Myoglobin and Mitochondria: How Does The “ Oxygen Store ” Work?

Galina B Postnikova* and Ekaterina A Shekhovtsova
Institute of Cell Biophysics, Russian Academy of Sciences, Moscow Region, Russia
Corresponding Author : Galina B Postnikova
Institute of Cell Biophysics
Russian Academy of Sciences, Moscow Region, Russia
Fax: (496) 733-0509
E-mail: [email protected]
Received July 03, 2013; Accepted August 27, 2013; Published August 29, 2013
Citation: Postnikova GB, Shekhovtsova EA (2013) Myoglobin and Mitochondria: How Does The “Oxygen Store” Work? J Phys Chem Biophys 3:126. doi:10.4172/2161-0398.1000126
Copyright: © 2013 Postnikova GB, et al. This is an open-access article distributed under the terms of the Creative Commons Attribution License, which permits unrestricted use, distribution, and reproduction in any medium, provided the original author and source are credited.

Abstract

We have first shown that oxygen release from MbO2 at near-zero O2 concentrations (p02) only proceeds when interacting the protein with respiring mitochondria.

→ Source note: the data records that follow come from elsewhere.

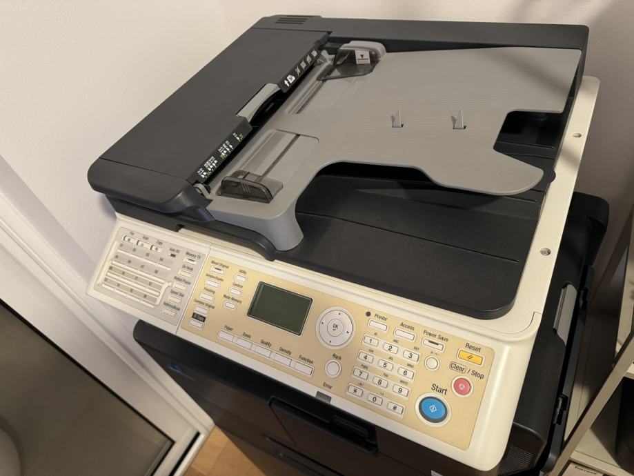 Uređaj ima dvije ladice za A3 / A4 papir, spremišni ormarić / bazu na kotačima i automatski ulagač dokumenata.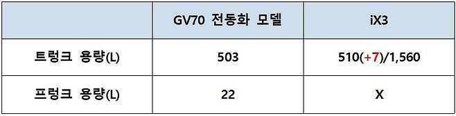 트렁크 공간은 iX3가 더 넓다. 기본 용량은 510L, 2열 시트를 모두 접으면 최대 1,560L까지 늘어난다. GV70의 트렁크 용량은 503L로, 내연기관 모델보다 39L 줄었다. 대신 iX3에 없는 22L 용량의 ‘프렁크(앞 트렁크)’를 마련했다.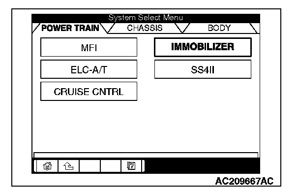 5. Choose "IMMOBILIZER" from the "POWER TRAIN" tab.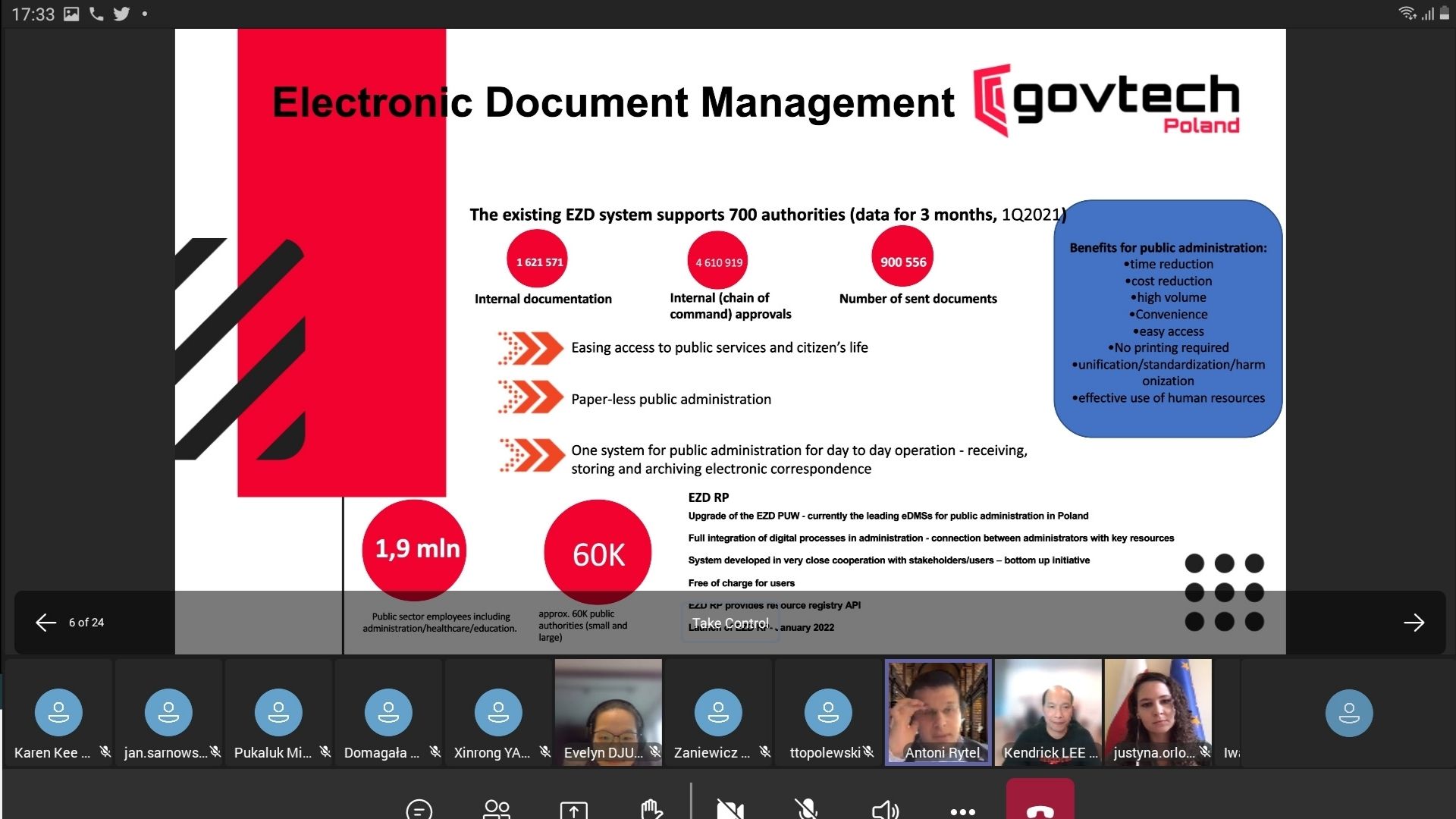 Dnia 14 lipca odbyły się pierwsze polsko-singapurskie konsultacje ws. cyfryzacji. W rozmowach pomiędzy Agencją Rządową ds. Technologii Singapuru, a zespołem programu GovTech Poland udział wzięli min. Jan Sarnowski, Podsekretarz Stanu w Ministerstwie Finansów i współtwórca Programu GovTech Poland, min. Justyna Orłowska - Pełnomocnik Prezesa Rady Ministrów RP ds. GovTech, Dyrektor Centrum GovTech, a po stronie singapurskiej Chan Cheow Hoe, Government Chief Digital Technology Officer, Smart Nation & Digital Government Office.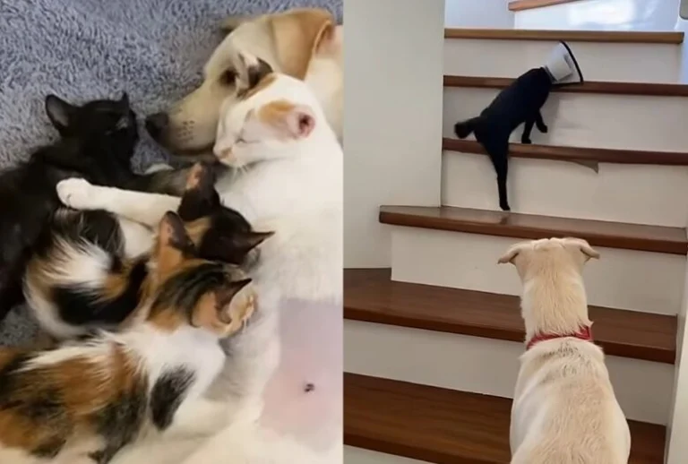 Vídeo: cachorro “adota” filhotes de gata e vira protetor nº 1 dos pets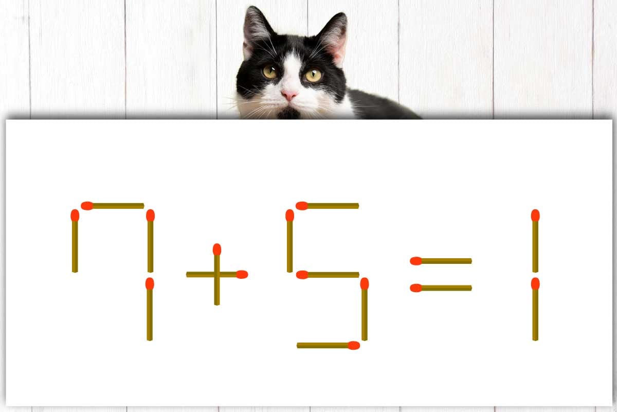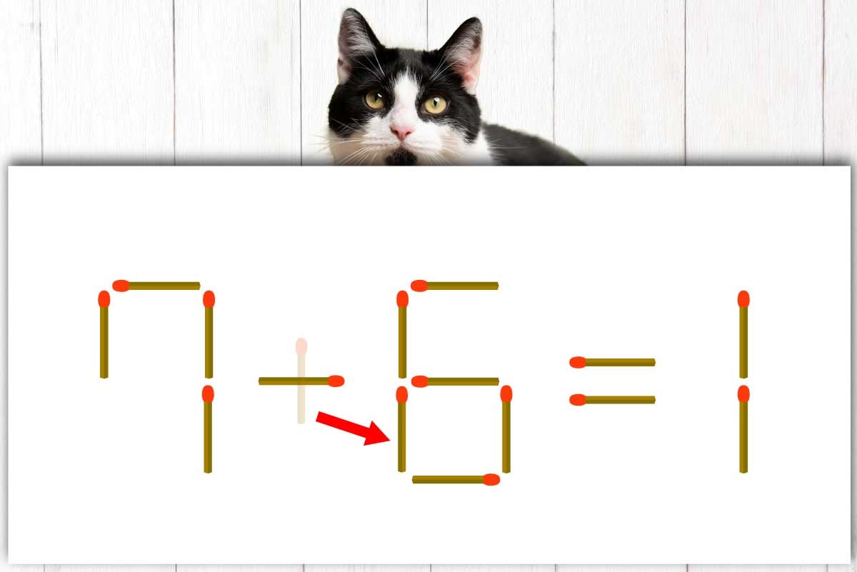 「+」のマッチ棒を1本、「5」に移動させて「6」を作り、「7-6=1」にする。※解答は複数ある場合があります。

If they are separated from MbO2 solution by a semipermeable membrane, no MbO2 deoxygenation occurs. The rates of O2 uptake by mitochondria from solution in the presence of MbO2 (V1) and MbO2 deoxygenation (V2) completely coincide for different mitochondrial preparations, the native, frozen and uncoupled by FCCP, as both V1 and V2 are determined by respiratory activity of mitochondria. However, V1 and V2 reflect different processes, because they are differently affected by the proteins, like lysozyme, competing with MbO2 for binding to mitochondria. It is found that myoglobin non-specifically interacts with phospholipid sites of the outer mitochondrial membrane, while any specific proteins or protein channels for the binding to myoglobin are lacking. The pronounced ionic strength dependence of the binding implies significant contribution of coulombic electrostatics into the formation of myoglobin–mitochondrial complex. As the total charge of myoglobin molecule does not affect the MbO2 and metMb affinity for the mitochondrial membrane, the ionic strength effect must be due to local electrostatic interactions, most probably between oppositely charged groups of phospholipids (the heads) and polar myoglobin residues in the environment of the heme cavity. The shift of the oxy- / deoxy- equilibrium toward ligand free deoxymyoglobin under anaerobic conditions in the presence of mitochondrial and artificial phospholipid membranes indicates that the myoglobin-membrane interaction results in a decreased myoglobin affinity for oxygen (and increased p50), which facilitates O2 detachment from MbO2 at physiological p02 values. Thus, in the presence of respiring mitochondria, at least two kinds of myoglobin molecules should be present in the cell. Some of them are free, with the high affinity for O2, and respectively, low p50, and the others, associated with mitochondria, with lower affinities and higher p50. For effective O2 transfer from cytoplasm, the exchange between these two kinds of MbO2 molecules must be rather fast. The Km values of MbO2 binding to mitochondria (about 104 M-1 at I = 0,15) and the lifetime of the complex (tens ns) correspond well to this demand.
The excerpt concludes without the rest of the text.